• _PROVIDED INFORMATION_:
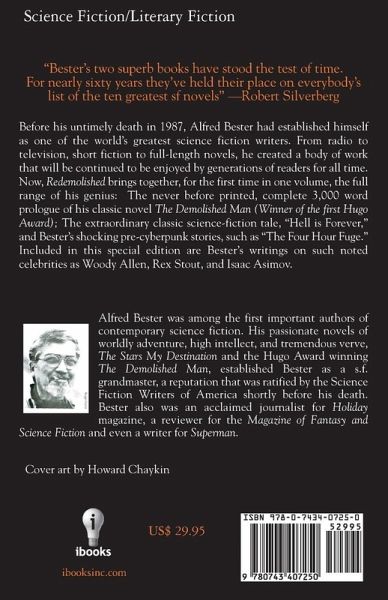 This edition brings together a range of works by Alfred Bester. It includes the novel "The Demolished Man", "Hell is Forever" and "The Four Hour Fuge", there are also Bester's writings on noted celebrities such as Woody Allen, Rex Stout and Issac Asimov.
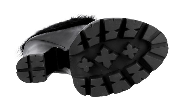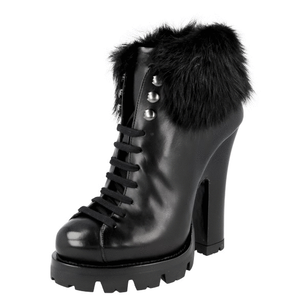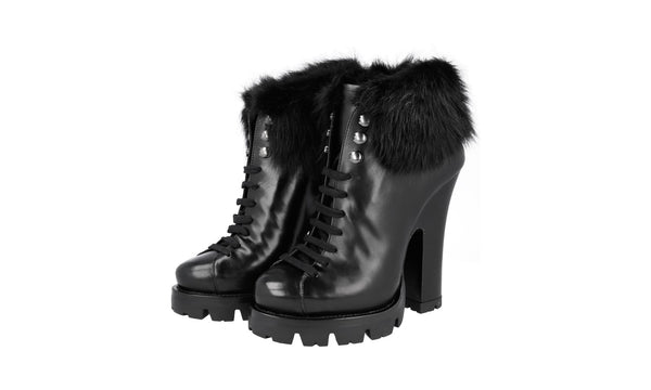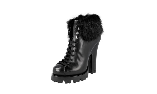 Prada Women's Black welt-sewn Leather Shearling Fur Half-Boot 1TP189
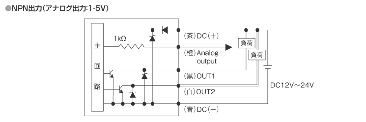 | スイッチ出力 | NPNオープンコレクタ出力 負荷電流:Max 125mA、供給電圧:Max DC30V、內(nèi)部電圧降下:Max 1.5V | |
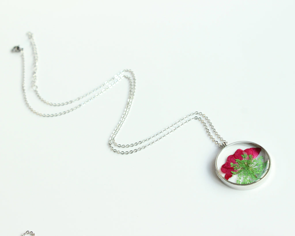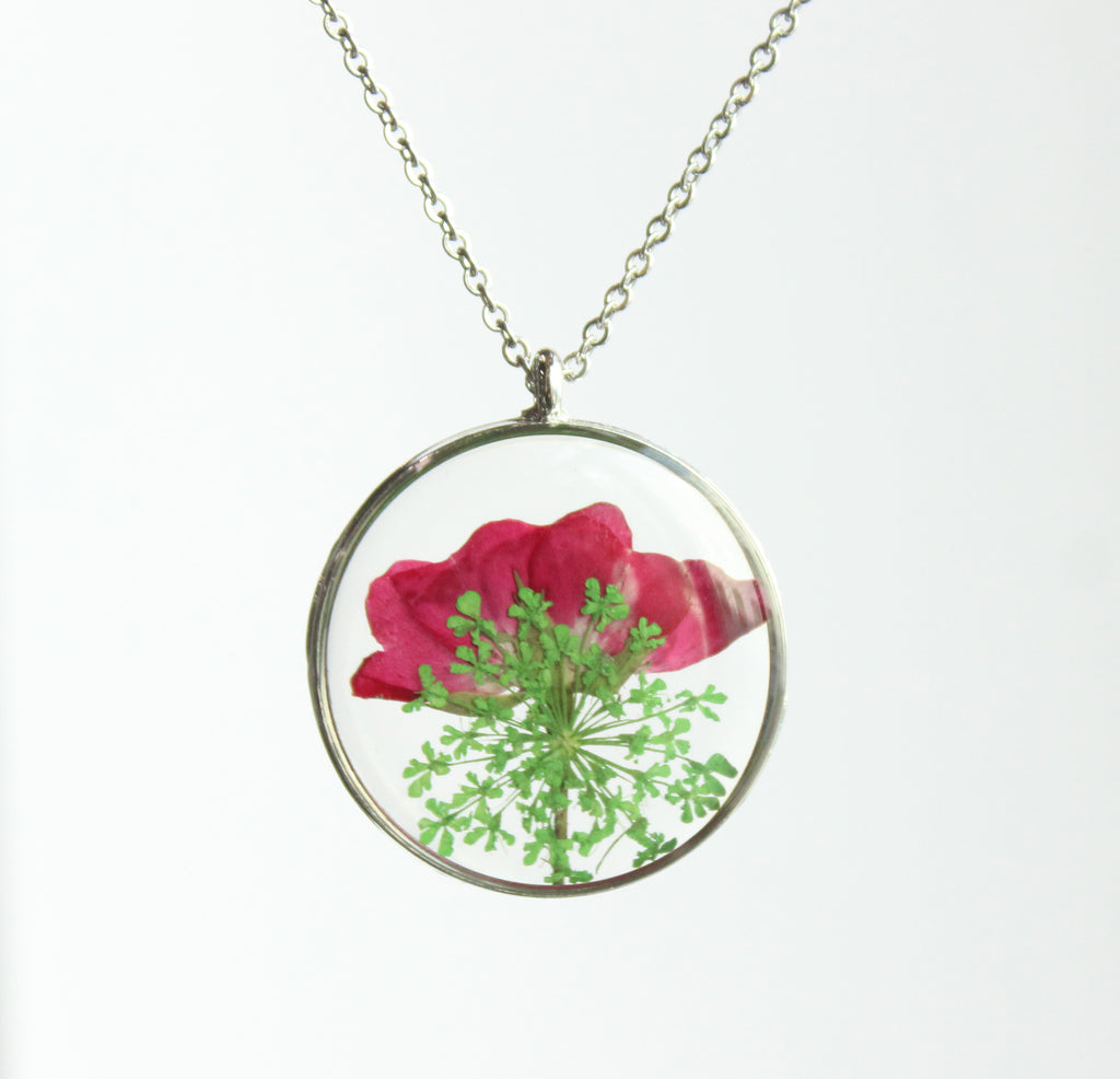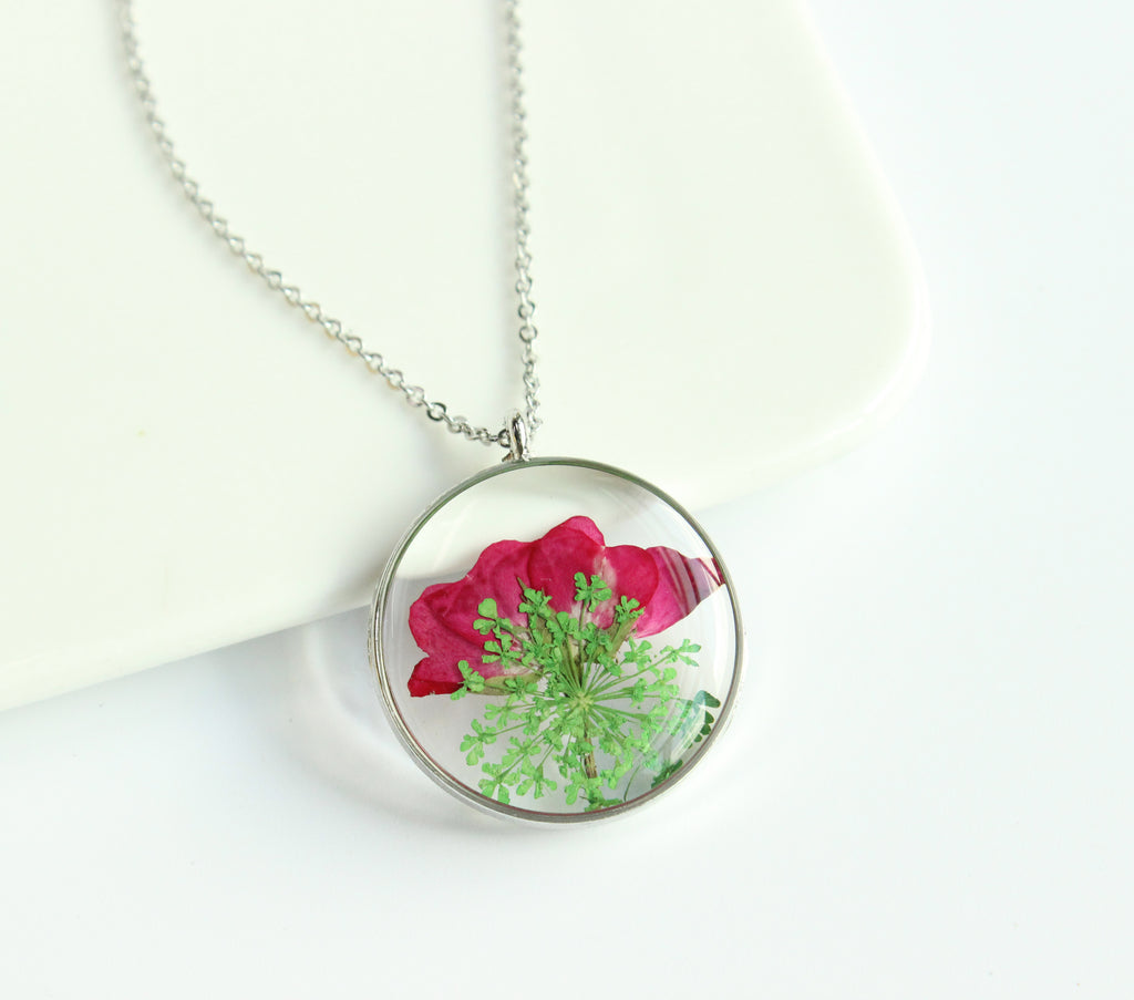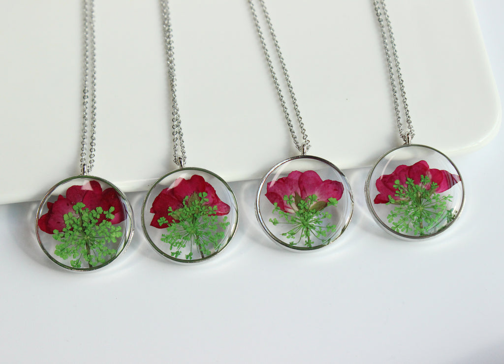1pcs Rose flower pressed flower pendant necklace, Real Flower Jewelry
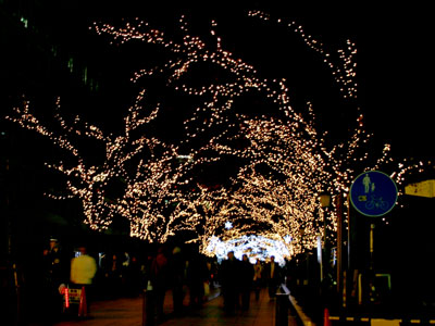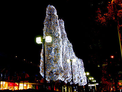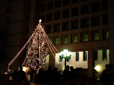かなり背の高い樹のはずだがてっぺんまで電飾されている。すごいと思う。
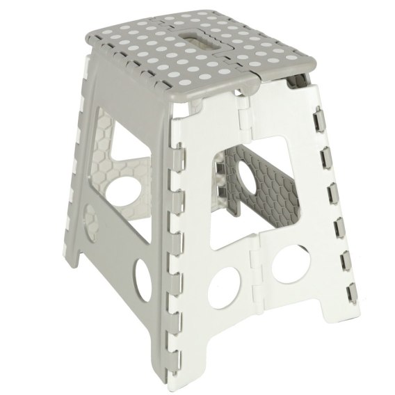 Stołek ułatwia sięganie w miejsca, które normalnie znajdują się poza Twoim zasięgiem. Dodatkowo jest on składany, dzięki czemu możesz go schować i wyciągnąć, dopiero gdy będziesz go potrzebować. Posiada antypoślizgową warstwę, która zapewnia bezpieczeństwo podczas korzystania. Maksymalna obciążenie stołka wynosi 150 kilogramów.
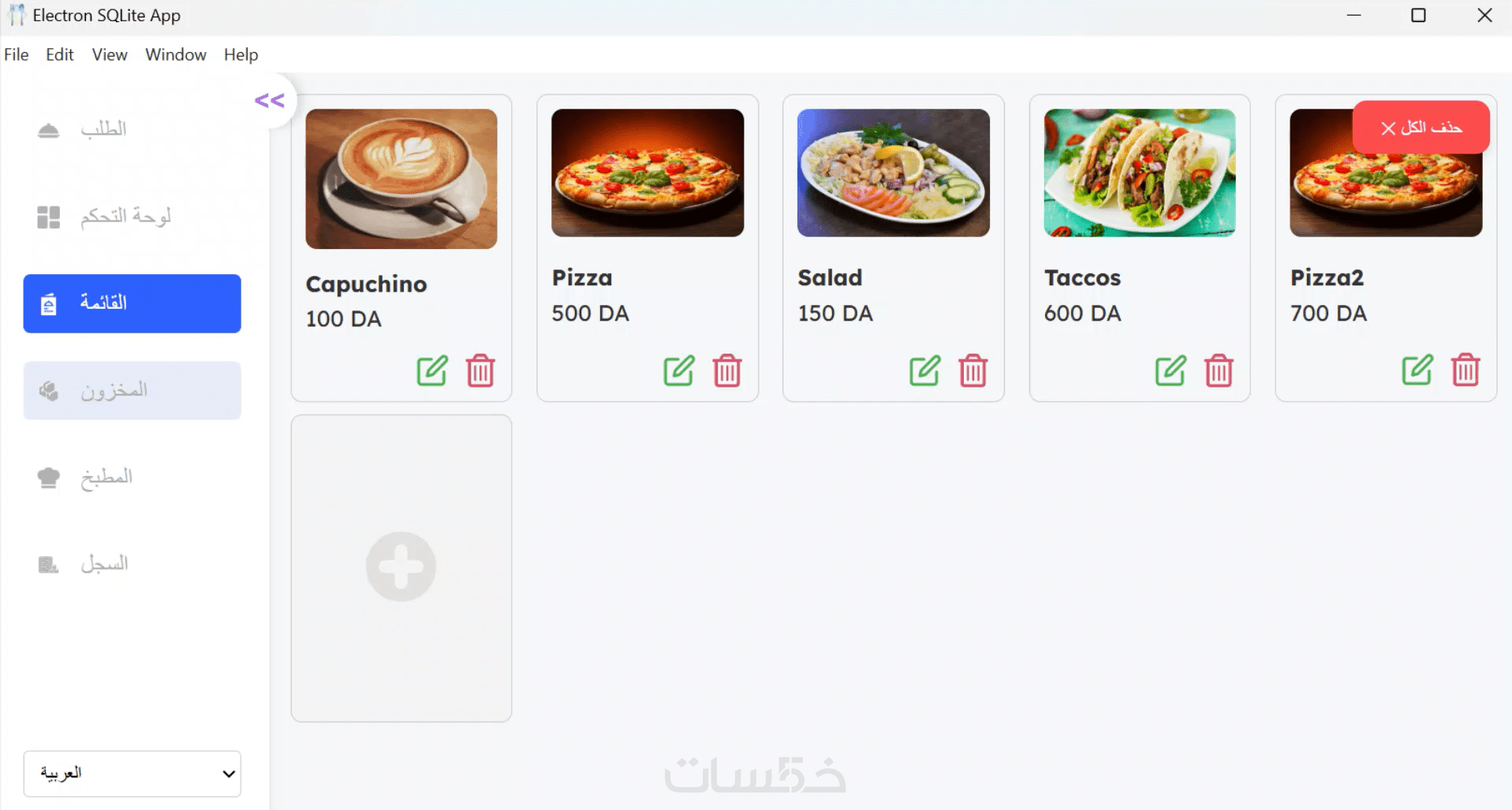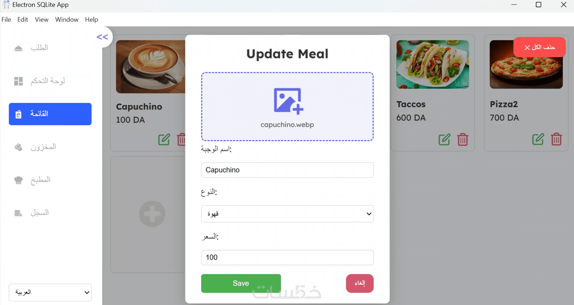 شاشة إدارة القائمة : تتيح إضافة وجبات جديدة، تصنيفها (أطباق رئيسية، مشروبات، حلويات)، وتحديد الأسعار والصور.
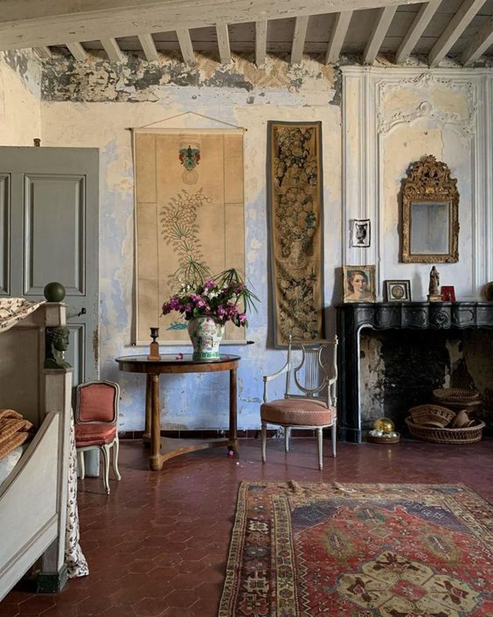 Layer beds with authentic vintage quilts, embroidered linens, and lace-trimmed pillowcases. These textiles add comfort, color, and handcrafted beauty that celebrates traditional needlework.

• _WHAT TO WORK ON_: Copy exactly the lines of the entries above from the one containing "Prada Women's Black" through the one containing "かなり背の高い樹のはずだがてっぺんまで電飾されている。すごいと思う。". Both end lines count; pictures do not.

• _TASK ANSWER_:
 Prada Women's Black welt-sewn Leather Shearling Fur Half-Boot 1TP189
 | スイッチ出力 | NPNオープンコレクタ出力 負荷電流:Max 125mA、供給電圧:Max DC30V、內(nèi)部電圧降下:Max 1.5V | |
1pcs Rose flower pressed flower pendant necklace, Real Flower Jewelry
かなり背の高い樹のはずだがてっぺんまで電飾されている。すごいと思う。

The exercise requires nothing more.